Taki ruch przenosiłby odpowiedzialność za utrzymanie jedności wspólnego rynku UE na rząd w Dublinie, wymuszając na nim podjęcie trudnej politycznie decyzji o postawieniu granicy pomiędzy Irlandią a Irlandią Północną.

Reklama

Johnson podkreślił także, że jego rządu podejdzie do dalszych prób renegocjacji dotychczasowego porozumienia w sprawie wyjścia z UE z "determinacją i energią oraz w duchu przyjaźni" i zaznaczył, że "jego preferencją jest opuszczenie Wspólnoty z porozumieniem, ale to wymaga usunięcia tzw. backstopu".

Irlandia oraz pozostałe kraje Unii Europejskiej wielokrotnie odrzucały żądania odrzucenia tego mechanizmu, wskazując, że jest konieczny do zagwarantowania, że nigdy nie dojdzie do powrotu twardej granicy między Irlandią a Irlandią Płn.

W ubiegły czwartek Johnson ostrzegł, że umowa z UE w sprawie brexitu jest "nie do zaakceptowania" dla brytyjskiego parlamentu i Wielkiej Brytanii. Wezwał do usunięcia z niej mechanizmu awaryjnego i oświadczył, że jest gotów zdecydować się na brexit bez umowy.

"Żaden kraj, który ceni sobie swoją niezależność i ma szacunek do siebie, nie mógłby się zgodzić na traktat sprowadzający się do rezygnacji z naszej niezależności gospodarczej i samorządności tak, jak robi to mechanizm awaryjny dla Irlandii Płn. Jego ograniczenie czasowe nie jest wystarczające (...) - jedynym sposobem jest jego usunięcie" - powiedział.

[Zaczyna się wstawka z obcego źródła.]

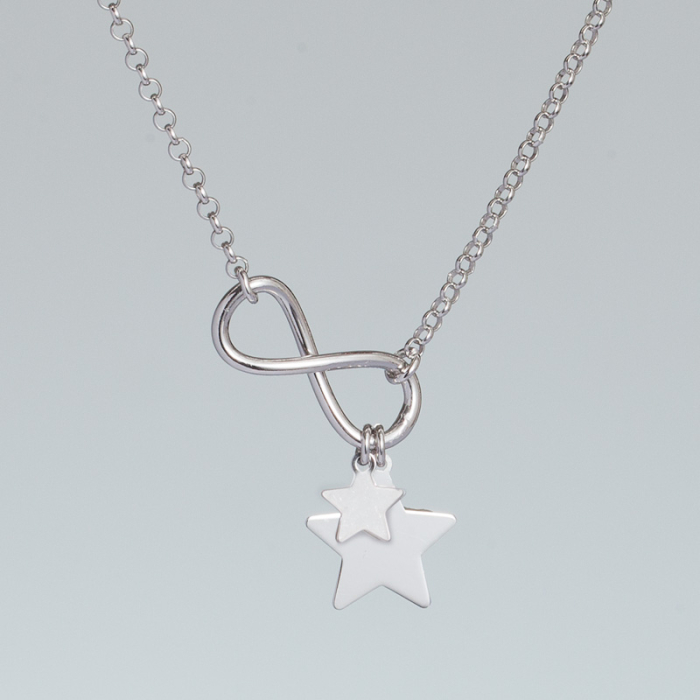 Naszyjnik z gwiazdkami i nieskończonością rodowany AG925 42 - 45 cm

W odpowiedzi Varadkar ocenił, że "to wyłącznie brytyjska groźba, a jedynymi ludźmi, którzy mogą do niego doprowadzić jest brytyjski rząd", a irlandzki minister spraw zagranicznych Simon Coveney poszedł nawet dalej, mówiąc, że podejście Johnsona jest "bardzo niepomocne".

W piątek Varadkar ostrzegł, że brexit bez umowy może doprowadzić do zjednoczenia Irlandii, ponieważ katolicy i liberalni protestanci z Północy mogą nie czuć się u siebie w Wielkiej Brytanii oderwanej od Europy. "Wspólny europejski dom" może się okazać bliższy mieszkańcom Irlandii Północnej, niż "nacjonalistyczna Wielka Brytania" - ocenił Varadkar.